The most significant room is the Emperors' Hall (Kaisersaal), which still serves as a prestigious venue and accommodates up to 350 people. The room has a painted stucco-ceiling. Portraits of the following dignitaries hang on the wall: the sovereigns of the House of Habsburg - Francis I, Holy Roman Emperor and his wife Maria Theresa, Joseph II, Holy Roman Emperor and his wife Princess Isabella of Parma as well as Francis II, Holy Roman Emperor . The Emperors' Hall also features stained glass windows. Despite the prominence of the House of Habsburg, the room was not named after Austrian Emperors, but after William I, German Emperor, who dined there in the course of the inauguration of the Siegesdenkmal in 1876.

Since 1776, the Emperors' Hall can be accessed by a stairway from the neighboring Redoutenhaus (building where dances and masquerades were held). On the first floor of the former Salt House (Salzhaus) is the foyer of the Emperors' Hall. On the second floor, the rooms of the Freiburg Society for History ( Geschichtsvereins Schau-ins-Land ) are situated.
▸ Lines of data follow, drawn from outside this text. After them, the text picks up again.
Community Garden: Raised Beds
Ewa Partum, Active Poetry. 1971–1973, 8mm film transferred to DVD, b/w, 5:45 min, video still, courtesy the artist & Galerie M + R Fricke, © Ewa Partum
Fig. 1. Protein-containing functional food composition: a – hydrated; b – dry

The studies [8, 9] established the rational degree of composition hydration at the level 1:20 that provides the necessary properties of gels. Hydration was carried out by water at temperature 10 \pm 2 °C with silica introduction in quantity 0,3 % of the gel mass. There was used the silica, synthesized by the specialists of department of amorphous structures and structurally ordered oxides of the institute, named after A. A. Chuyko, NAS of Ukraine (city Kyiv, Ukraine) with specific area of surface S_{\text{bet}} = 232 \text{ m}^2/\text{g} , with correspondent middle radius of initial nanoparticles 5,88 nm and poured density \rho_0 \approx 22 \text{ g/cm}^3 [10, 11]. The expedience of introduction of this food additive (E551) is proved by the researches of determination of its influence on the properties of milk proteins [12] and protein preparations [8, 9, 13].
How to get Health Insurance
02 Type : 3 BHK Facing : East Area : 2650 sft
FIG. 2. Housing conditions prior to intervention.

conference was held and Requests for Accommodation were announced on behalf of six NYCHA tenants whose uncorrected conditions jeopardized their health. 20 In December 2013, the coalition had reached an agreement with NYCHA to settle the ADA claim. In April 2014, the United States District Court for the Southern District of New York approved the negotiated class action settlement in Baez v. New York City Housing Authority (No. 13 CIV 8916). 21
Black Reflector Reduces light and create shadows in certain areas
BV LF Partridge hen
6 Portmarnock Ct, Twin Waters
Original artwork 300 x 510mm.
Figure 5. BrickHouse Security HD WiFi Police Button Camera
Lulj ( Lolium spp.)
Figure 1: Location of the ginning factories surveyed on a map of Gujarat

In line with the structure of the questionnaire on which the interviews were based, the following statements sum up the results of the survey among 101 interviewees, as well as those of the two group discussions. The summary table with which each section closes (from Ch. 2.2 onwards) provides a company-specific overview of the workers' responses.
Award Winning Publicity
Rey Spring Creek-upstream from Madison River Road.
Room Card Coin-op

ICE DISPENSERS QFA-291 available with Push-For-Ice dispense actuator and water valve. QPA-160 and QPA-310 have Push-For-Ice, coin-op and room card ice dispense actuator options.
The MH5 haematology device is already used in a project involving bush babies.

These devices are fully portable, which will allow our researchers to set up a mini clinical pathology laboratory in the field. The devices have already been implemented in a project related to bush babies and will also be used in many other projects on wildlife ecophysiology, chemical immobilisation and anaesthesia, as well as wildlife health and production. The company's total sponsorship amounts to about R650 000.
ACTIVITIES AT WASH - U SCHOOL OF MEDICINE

In 1878, the interiors were designed by Fritz Geiges. The inaugurational meeting of the Society for Baden Culture ( Landesverein Badische Heimat ) also took place in the Historical Merchants' Hall of Freiburg. In the part of the merchants' hall facing the Schusterstraße are two smaller rooms, which are located on the first floor and can also be used for events; the Kaminzimmer accommodates up to 90 people and has an impressive fireplace from the 15th century and the Rococo Room (Rokokosaal) has capacity for up to 70 people.